◆ Excerpted data
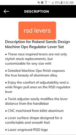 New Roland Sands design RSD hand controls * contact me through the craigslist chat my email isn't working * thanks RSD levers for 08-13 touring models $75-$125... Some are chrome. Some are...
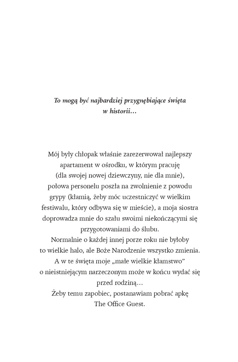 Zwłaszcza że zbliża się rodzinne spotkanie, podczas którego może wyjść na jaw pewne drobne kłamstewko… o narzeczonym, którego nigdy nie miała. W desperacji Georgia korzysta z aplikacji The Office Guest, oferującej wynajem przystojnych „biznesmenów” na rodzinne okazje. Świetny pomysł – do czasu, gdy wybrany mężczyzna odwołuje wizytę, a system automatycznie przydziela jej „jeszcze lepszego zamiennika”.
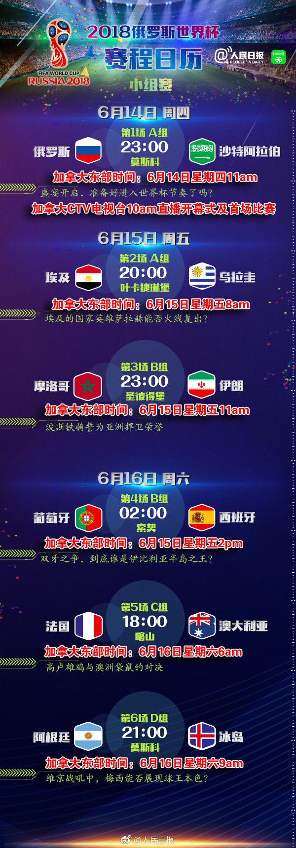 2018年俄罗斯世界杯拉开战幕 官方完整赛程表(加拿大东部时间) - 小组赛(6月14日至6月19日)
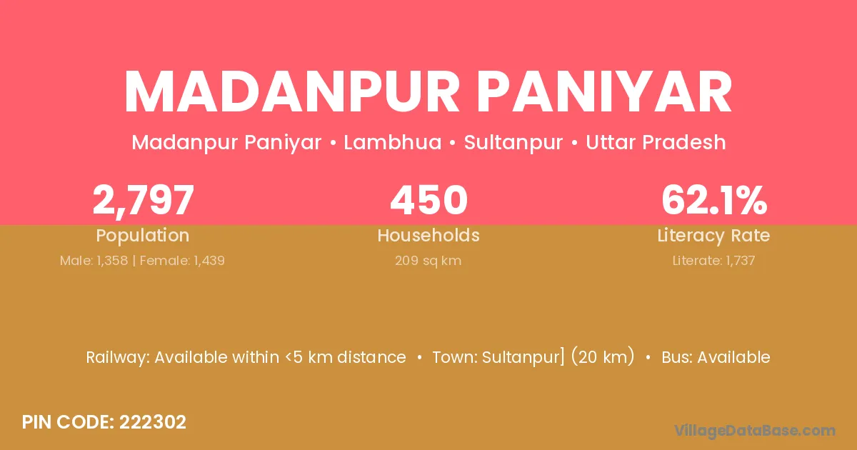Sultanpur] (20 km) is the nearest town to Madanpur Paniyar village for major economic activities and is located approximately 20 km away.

* * *

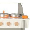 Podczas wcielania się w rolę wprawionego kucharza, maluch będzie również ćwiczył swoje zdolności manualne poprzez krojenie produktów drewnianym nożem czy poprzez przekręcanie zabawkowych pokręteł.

◆ Task to complete
Within the listing above, copy exactly the lines that start at the one with "New Roland Sands" and continue through the one with "Sultanpur] (20 km)". Omit pictures.

◆ Output below
 New Roland Sands design RSD hand controls * contact me through the craigslist chat my email isn't working * thanks RSD levers for 08-13 touring models $75-$125... Some are chrome. Some are...
 Zwłaszcza że zbliża się rodzinne spotkanie, podczas którego może wyjść na jaw pewne drobne kłamstewko… o narzeczonym, którego nigdy nie miała. W desperacji Georgia korzysta z aplikacji The Office Guest, oferującej wynajem przystojnych „biznesmenów” na rodzinne okazje. Świetny pomysł – do czasu, gdy wybrany mężczyzna odwołuje wizytę, a system automatycznie przydziela jej „jeszcze lepszego zamiennika”.
 2018年俄罗斯世界杯拉开战幕 官方完整赛程表(加拿大东部时间) - 小组赛(6月14日至6月19日)
Sultanpur] (20 km) is the nearest town to Madanpur Paniyar village for major economic activities and is located approximately 20 km away.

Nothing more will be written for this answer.